I spearhead the Full Site Editing outreach program. I am a sponsor contributor for Automattic as well, and so I contribute across a couple of different teams depending upon what the outreach program needs as well as various release squads I have been a part of. So for 6.1 coming up, I’m one of the co-Core Editor triage leads. 

Brian is also on the squad as the co-Test lead, which is very exciting. So it’s been fun to work with him and be on the podcast. And I’ve been around the WordPress project since about 2011. But this is, the last couple of years, the first time I’ve been able to be sponsored by Automattic and be a part of giving back to the community that’s given me so much.

[Josepha Haden Chomphosy 00:02:13] 

Amazing. All right. For folks who’ve been listening to the WP Briefing for a while, you know that I’ve been saying for like a full year that I think that testing is one of the best onboarding opportunities we have. And then also I really like to bring in our co-creators of WordPress through that testing program. Because we don’t know whether we’re right or not unless people tell us that we’re right or not.

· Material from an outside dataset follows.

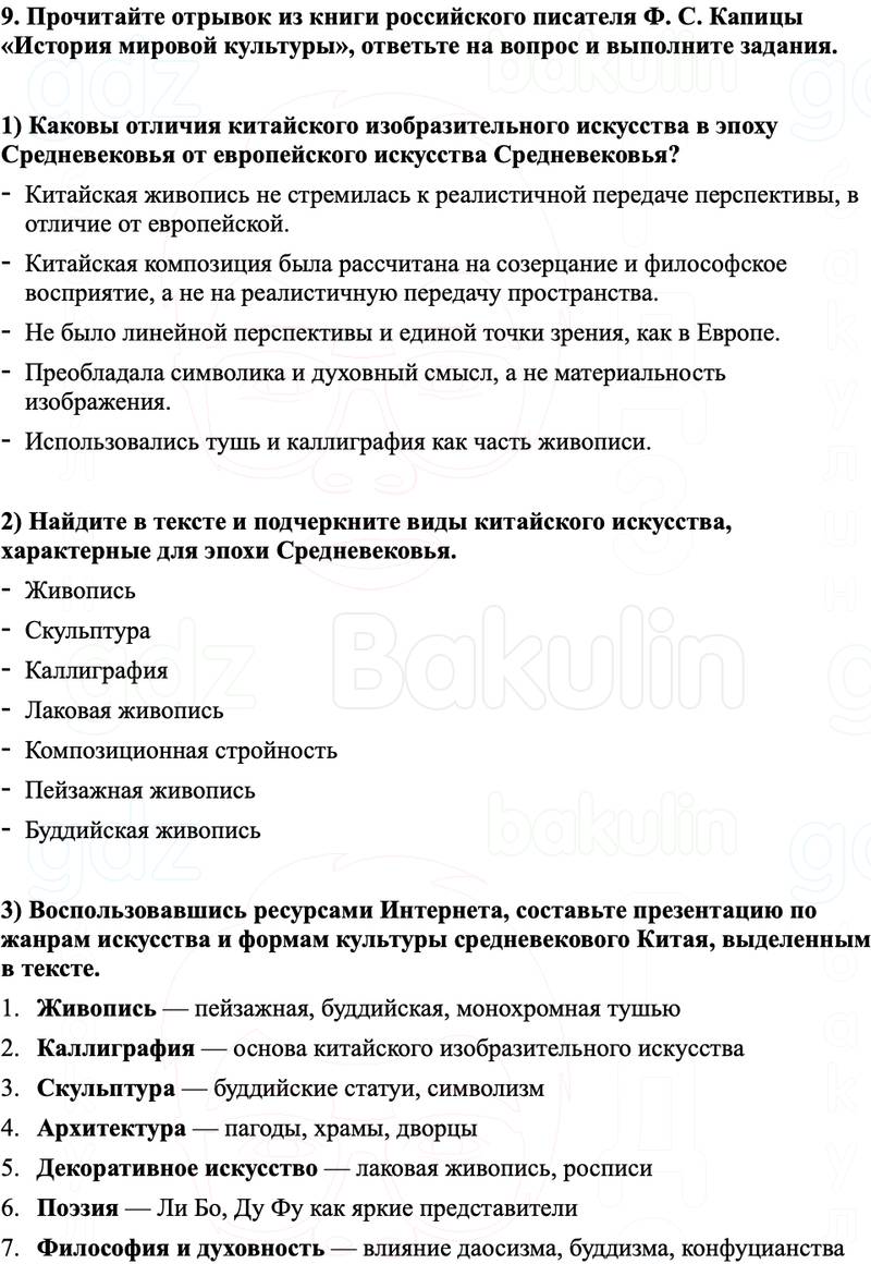 9. Прочитайте отрывок из книги российского писателя Ф. С. Капицы «История мировой культуры», ответьте на вопрос и выполните задания. 1) Каковы отличия китайского изобразительного искусства в эпоху Средневековья от европейского искусства Средневековья? 2) Найдите в тексте и подчеркните виды китайского искусства, характерные для эпохи Средневековья. 3) Воспользовавшись ресурсами Интернета, составьте презентацию по жанрам искусства и формам культуры средневекового Китая, выделенным в тексте.

And we would like to hear so much from the users who, you know, use it and don’t necessarily have an opportunity, that privilege to kind of build on it or build the CMS itself.

So I just have a few questions since I’ve got a couple of our strong testing wranglers here. The first thing I have is what are you doing? Or, do you have any advice for getting people outside of our active contributor base and the community to participate in testing?

[Anne McCarthy 00:03:03] 

I can kick this off. Just thinking about the Full Site Editing outreach program model. So just for context, there are various calls for testing in different formats. So everything from really procedural where you’re following exact steps to follow, to very open-ended calls for testing, as well as we recently did usability testing.

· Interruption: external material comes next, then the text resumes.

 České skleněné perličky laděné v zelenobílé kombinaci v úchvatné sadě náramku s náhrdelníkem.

And one of the things that come to mind immediately just for getting different contributors is to have very specific, fun, engaging, relevant tests that can draw people in. So if you have a call for testing that really speaks to someone, they might be more willing to participate. As well as just different formats.

So someone may not want to, you know, follow 30 steps, but they might want to follow something more open-ended. They might want to answer a survey rather than opening a GitHub link. And so I think a lot of facilitation with the outreach program has served us really well to bring in different folks as well as explicitly reaching out.

So I’ve done a number of talks in different WordPress related spaces and non-WordPress spaces to try to tell people about what we’re up to and really go meet them where they are. Because I think that’s ultimately, especially with Covid and the pandemic, there was a really unique opportunity to do that and to join the random online meetup that was happening and talk about the program and talk about ways that people could get involved and feel heard. 

[Anne McCarthy 00:04:12] 

And the last thing I’ll mention is translations. The program that’s culture testing that I write is written in English, but I’m very fortunate to have people who translate those. And so that’s a huge way that I cannot contribute but that other people have. And so I really want to highlight that and call that out because it’s been hugely impactful to have these calls for testing in a way that people can more readily access. 

[Josepha Haden Chomphosy 00:04:32] 

Yeah, absolutely.

[Brian Alexander 00:04:35] 

Yeah, I was going to add in, in addition to the calls for testing that are, as Anne said, structured such to isolate so that someone can just kind of go through a list of steps to do rather than just being exposed to Trac or GitHub and have kind of snow blindness with, with everything that’s happening.

We also have a Week in Test series of posts that goes out about every week. And what we try to do with that series is to curate a list of posts that might be a good starting point. So we try to find one that, in each type of testing example, is something that would, a more novice contributor might be able to start with. Things for more intermediate and then also advanced ones that, for testers who may need to have a development environment and the ability to make some pretty deep or type of customizations to their WordPress project in order to test a patch or reproduce a particular issue that might be happening.

So that’s a good springboard for someone to come in where there’s just a small thing that they can kind of look at and then dive into the larger process.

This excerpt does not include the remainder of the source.